- Opening Delimiter -
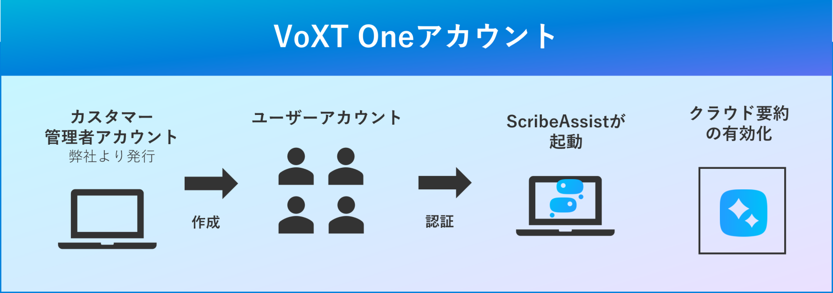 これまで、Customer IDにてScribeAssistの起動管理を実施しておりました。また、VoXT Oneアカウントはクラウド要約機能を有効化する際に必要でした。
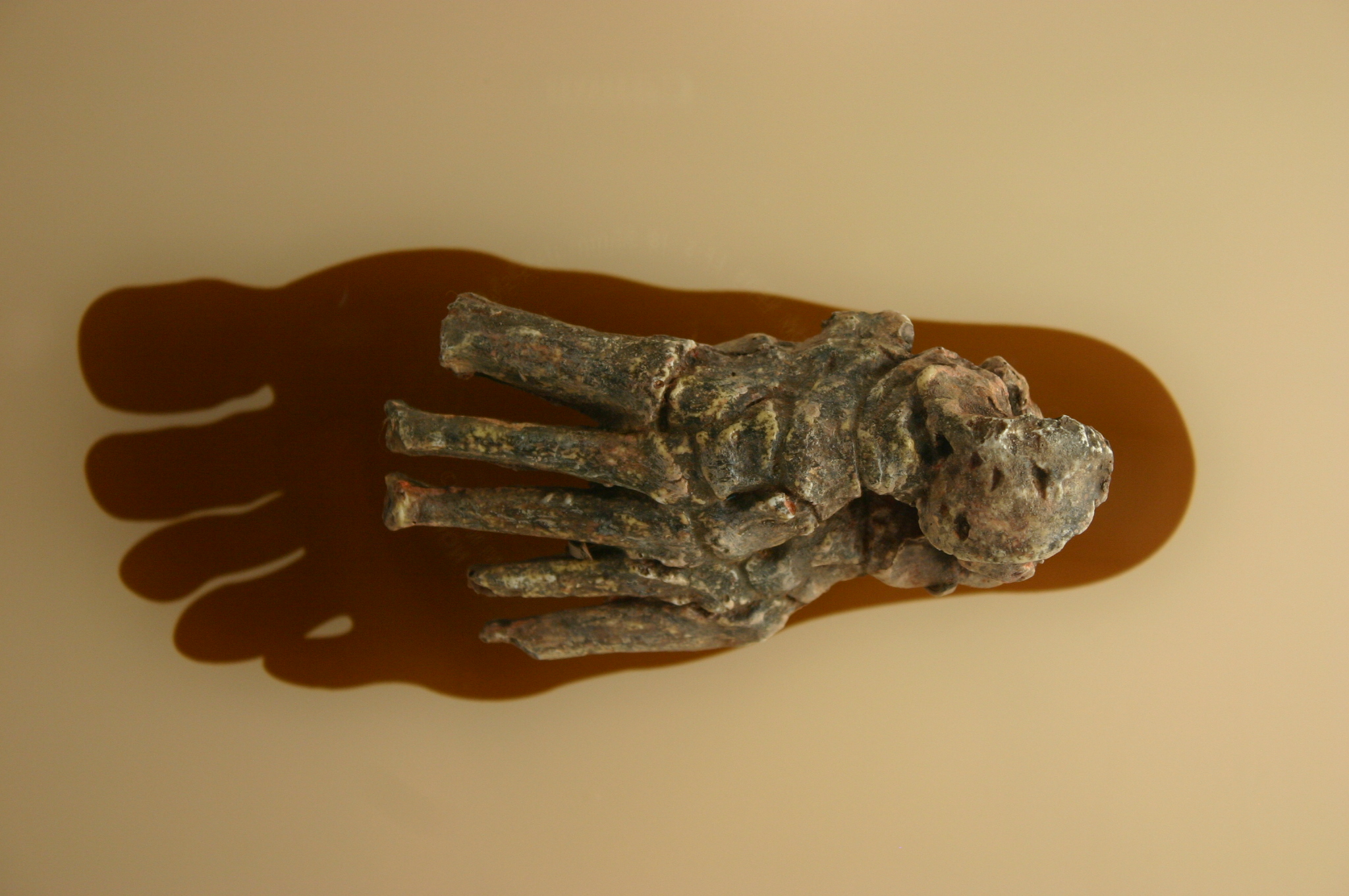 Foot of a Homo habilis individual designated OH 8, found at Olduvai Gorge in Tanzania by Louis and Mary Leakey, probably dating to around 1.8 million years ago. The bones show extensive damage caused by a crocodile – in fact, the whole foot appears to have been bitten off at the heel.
- Closing Delimiter -
- Opening Delimiter -
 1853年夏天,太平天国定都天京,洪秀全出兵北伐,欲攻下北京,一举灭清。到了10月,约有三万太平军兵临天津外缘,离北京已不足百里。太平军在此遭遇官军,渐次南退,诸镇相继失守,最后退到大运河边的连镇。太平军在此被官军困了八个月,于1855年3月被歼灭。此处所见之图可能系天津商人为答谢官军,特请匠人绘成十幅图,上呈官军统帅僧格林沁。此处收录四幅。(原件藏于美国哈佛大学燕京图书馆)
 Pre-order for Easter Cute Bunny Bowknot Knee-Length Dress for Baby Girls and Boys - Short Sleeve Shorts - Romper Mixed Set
- Closing Delimiter -
### Your objective
What are the lines, exactly as written above, from the line with "1853年夏天,太平天国定都" to the line with "Pre-order for Easter", both included? Output only those.

### Task output
 1853年夏天,太平天国定都天京,洪秀全出兵北伐,欲攻下北京,一举灭清。到了10月,约有三万太平军兵临天津外缘,离北京已不足百里。太平军在此遭遇官军,渐次南退,诸镇相继失守,最后退到大运河边的连镇。太平军在此被官军困了八个月,于1855年3月被歼灭。此处所见之图可能系天津商人为答谢官军,特请匠人绘成十幅图,上呈官军统帅僧格林沁。此处收录四幅。(原件藏于美国哈佛大学燕京图书馆)
 Pre-order for Easter Cute Bunny Bowknot Knee-Length Dress for Baby Girls and Boys - Short Sleeve Shorts - Romper Mixed Set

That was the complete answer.